CRONACA – La notizia era arrivata il 22 ottobre 2012: sei anni di reclusione per omicidio colposo e pagamento di milioni di risarcimento ai sette imputati del processo contro i partecipanti della Commissione Grandi Rischi. Il primo grado del processo dell’Aquila si concludeva così, e a quasi due anni da quella sentenza si è aperto lo scorso 10 ottobre il processo di Appello.
Nella Corte di Appello dell’Aquila sono quindi rimesse in discussione le responsabilità di chi ha partecipato alla riunione della Commissione Grandi Rischi del 31 marzo 2009, a pochi giorni dal terremoto che ha colpito il capoluogo abruzzese, riunione convocata per discutere della situazione sismica della zona, sottoposta a uno sciame sismico nelle settimane precedenti.

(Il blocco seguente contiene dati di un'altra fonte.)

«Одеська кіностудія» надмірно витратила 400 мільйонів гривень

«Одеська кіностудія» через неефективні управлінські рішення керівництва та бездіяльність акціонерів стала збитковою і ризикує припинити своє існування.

Gli imputati, si diceva, sono sette: Franco Barberi, presidente vicario della Commissione Grandi rischi, Bernardo De Bernardinis, vicecapo del settore tecnico del Dipartimento di Protezione civile, Enzo Boschi, allora presidente dell’INGV, Gian Michele Calvi, direttore di Eucentre e responsabile del progetto CASE, Claudio Eva, ordinario di fisica all’Università di Genova, Mauro Dolce, direttore dell’ufficio rischio sismico di Protezione civile e Giulio Selvaggi, direttore del Centro nazionale terremoti dell’INGV.
La sentenza d’Appello è attesa per il 31 ottobre, a conclusione di un processo rapido che vedrà impegnati i venerdì e i sabati di questo mese.

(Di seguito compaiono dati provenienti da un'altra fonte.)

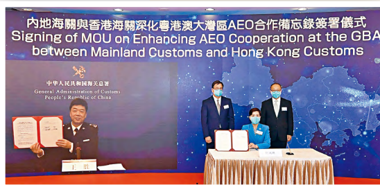
■海關關長何珮珊（前排）與國家海關總署企業管理和稽查司司長王勝（螢幕上）簽署內地海關與香港海關於深化粵港澳大灣區「認可經濟營運商計劃」合作備忘錄。簽署儀式在商務及經濟發展局局長丘應樺（後排左）和中聯辦經濟部副部長兼貿易處負責人劉亞軍（後排右）的見證下以視像形式舉行。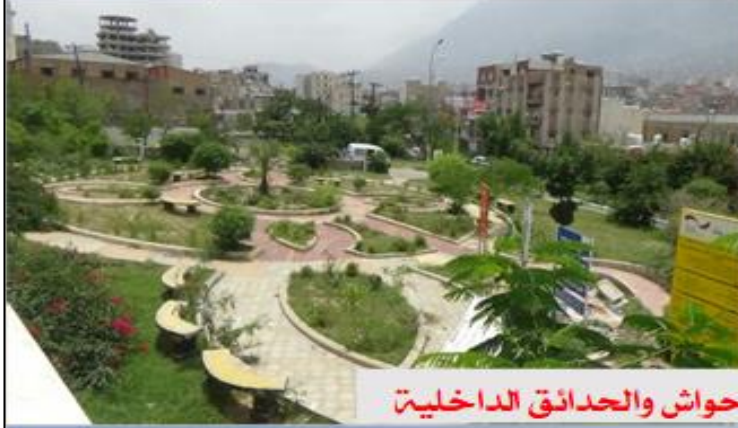
تأهيل وتشجير بعض الأحواش والحدائق الداخلية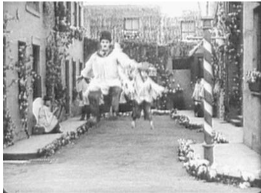
... träumt, kann fliegen ...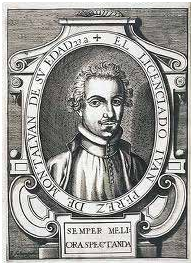
Juan Pérez de Montalván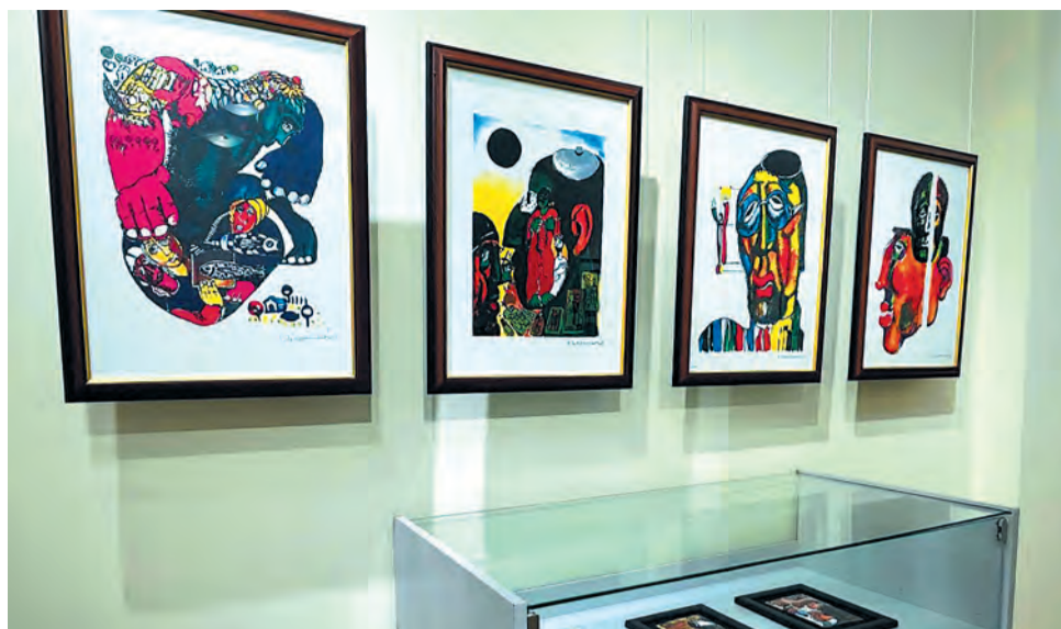
Работы Зураба Церетели в Белгороде.

L’accusa di omicidio colposo e lesioni per i sette imputati, ritenuti responsabili di aver causato con una scorretta valutazione e informazione la morte o il ferimento di 32 persone in occasione del terremoto del 6 aprile, aveva scatenato due anni fa un filone di polemiche. La prima reazione da parte di molti, soprattutto all’interno della comunità scientifica, fu di interpretare la sentenza come un “processo alla scienza”, condannata per non aver saputo fornire una previsione impossibile da fare.

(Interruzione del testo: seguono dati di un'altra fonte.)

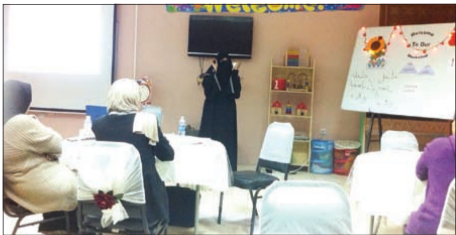
جانب من الورشة التدريبية

الإخطاء والعقبات التي تعترض مسيرة الأشخاص نحو التميز خصوصا في المجال التربوي والتعليمي بما يتعلق بالطلبة في جميع مراحلهم الدراسية وكذلك المعلمات أثناء أداء واجباتهن المهنية. وقد توجهت ادارة المدرسة الى المحاضرة العجمي بالشكر على ما قدمته من معلومات.

È proprio contro questa visione che si è espresso lo scorso 10 ottobre il procuratore generale dell’Aquila Romolo Como, che ha tacciato di disinformazione i tentativi di far passare il procedimento giuridico come un processo alla scienza. ”La colpa non attiene al mancato allarme”, ha sostenuto al processo d’Appello il procuratore generale, “ma alla errata, inidonea, superficiale analisi del rischio e di una carente e forviante informazione che ha fatto mutare i comportamenti degli aquilani di attuare le tradizionali misure dopo scosse forti. La colpa generica è la negligenza e l’imprudenza nel fare quella valutazione”.
Oggi e domani sono previste le prossime udienze, vi terremo aggiornati sugli sviluppi del processo.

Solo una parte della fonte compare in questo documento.